Allégorie Is Making Bags Out of Apples and Mangos

Some pieces even smell like the fruit. Yum.

allegorie bags
Courtesy of Allégorie

Sustainability. It's the ubiquitous word you've likely heard from your favorite fashion brands as of late—from ASOS, which just launched its first circular collection, to Gucci, which debuted its first-ever environmentally-friendly collection Off the Grid. The fashion industry as a whole has increasingly been working to rectify its contributions to waste creation and climate change, especially as consumers become more conscious of what they're purchasing. (According to the United Nations Environment Programme (UNEP), the equivalent of one garbage truck full of clothes is burned or dumped in a landfill every second, while the fashion industry produces 20 percent of the global wastewater and 10 percent of global carbon emissions.)

The negative environmental and social impact that consumers can have, simply from buying something they like, is what inspired Allégorie Co-Founder Heather Jiang to look for more creative solutions in reducing waste and encouraging recyclability. Her out-of-the-box idea? Creating high-quality and durable accessories such as backpacks and crossbody bags out of discarded fruits.

allégorie
Allégorie's first product launch was a cardholder made of mango leather.
Courtesy of Allégorie

"It's a relatively new thing to incorporate fruit and plant fiber into bags," Jiang says. "We spent a couple years searching the globe, trying to find the best possible material. We tried using pineapple, mushroom, banana, and did some trial and error testing until we developed our own formula."
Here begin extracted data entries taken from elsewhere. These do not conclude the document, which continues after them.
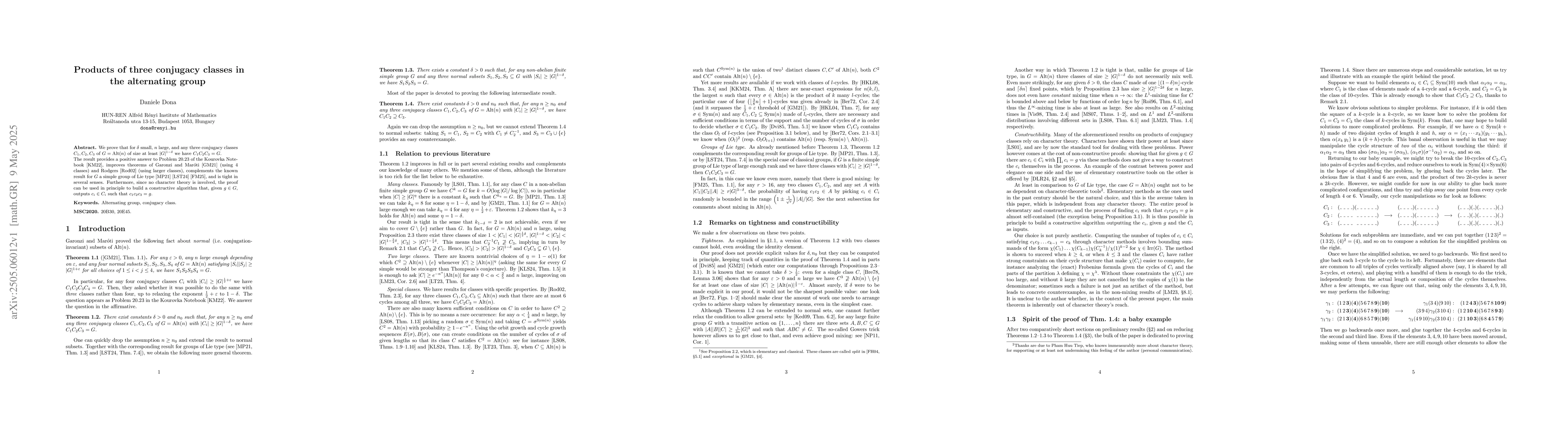 The paper provides a proof for a specific case in group theory concerning the alternating group Alt(n).
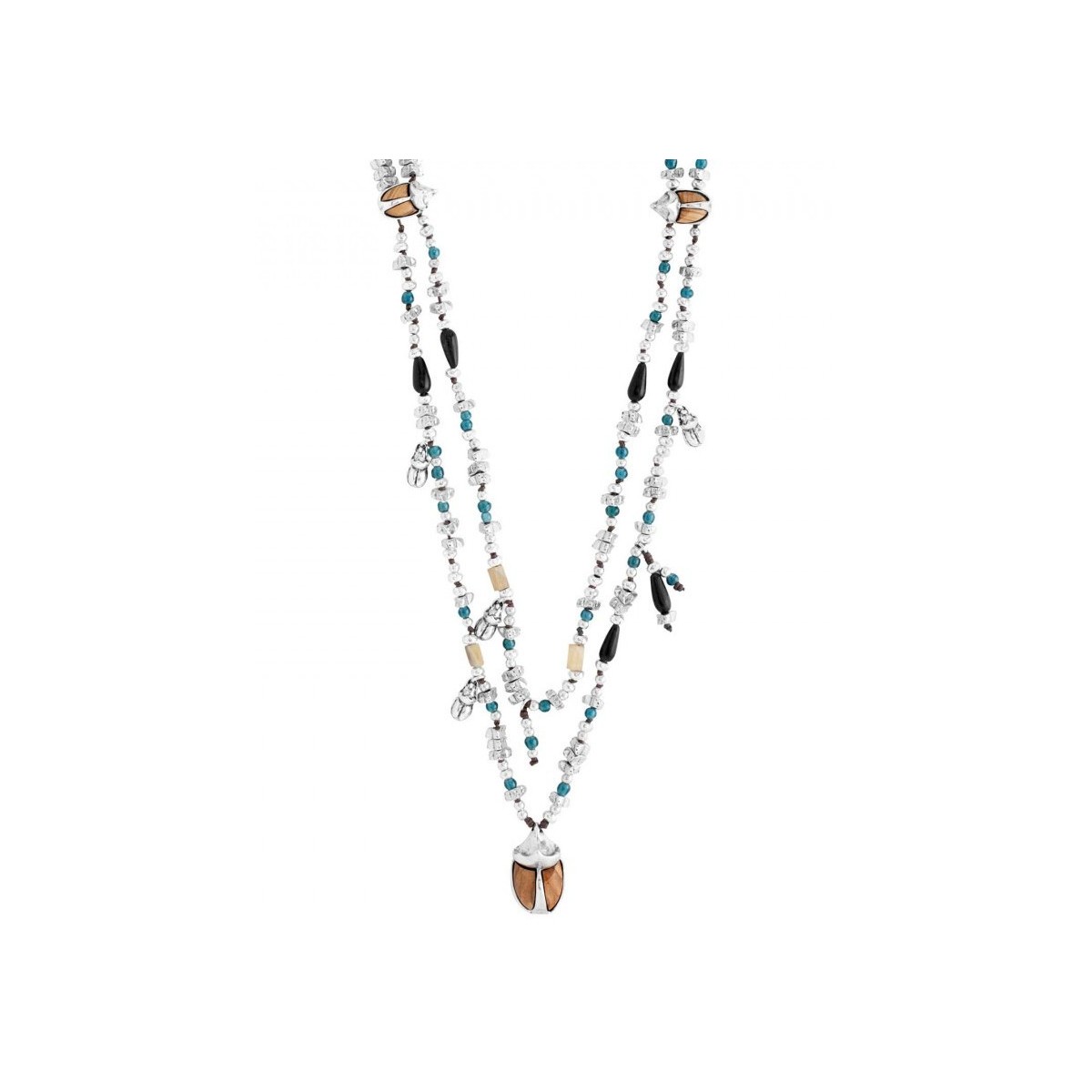 Zwei lange Halskette Frauen Baumwolle verziert mit Knoten, Perlen aus verschiedenen Materialien und Größen, Silber vergoldet-Nuggets und Käfer-förmigen Anhänger aus gebürstetem Olivenholz gemacht
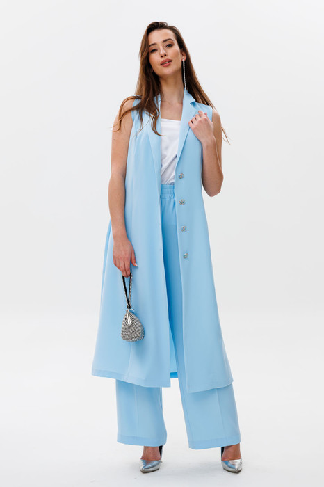 Костюм трехпредметный: состоит из топа, жилета-платья и брюк. Жилет удлиненный полуприлегающей силуэтной формы без рукавов. Полочка со смещённым бортовым краем назапах, с рельефными швами от линии плеча до низа. Застежка на петли и пуговицы. Спинка со средним швом и талиевыми вытачками. Воротник отложной с отрезной стойкой . Топ на регулируемых бретелях с полукруглым вырезом. Брюки свободного кроя, верхний срез представлен широкой резинкой, с карманами.

Currently, the one-year-old accessories line offers small "leather" goods for under $100 to larger pieces, like a backpack retailing for $325, all made from either whole mangos or from the skins of apples.

The technical challenges of turning food into a useable material that looks and feels like leather—not to mention, non-environmentally friendly material is often more readily available and cheaper to use in fashion (hello, PVC and polyester)—means there is less corporate investment in what Jiang is exploring. She notes that her and her co-founder, Jen, often work with smaller, community-based start ups to source the fruits and produce the actual product. Another hurdle that they've faced and overcome: The seasonality of the supply of the raw materials. The good news is though, the team can stock up on the fruit leather, it won't rot or go bad, when there is an ample supply of the fruit.

"Our partner suppliers collect the wasted apples from apple farms or the mangos not sold in the supermarket and [turn it] into 'leather' at their facilities," Jiang says. "The dye [used] on the accessories are plant based or environmentally-friendly dyes. [Once we get the leather], the actual making of the bags is here in the heart of NYC. We're embracing the heritage of the garment district."

allegorie
"Our products are like allegories that deliver a broader message about real world issues. We are a socially and environmentally responsible brand, which means it's always more than just a bag. It's a choice of lifestyle and belief on what's good for the planet and future generations."
Courtesy of Allégorie

The Allégorie founders receive their fruit leather from countries such as Japan, Italy, Netherlands, and Taiwan. They also work to ensure the supply chain process is transparent and ethical by visiting the facilities themselves and speaking to the people collecting the fruits. "This is a growing community, so we are dependent on each other and trust each other to make it work for everyone," Jiang says.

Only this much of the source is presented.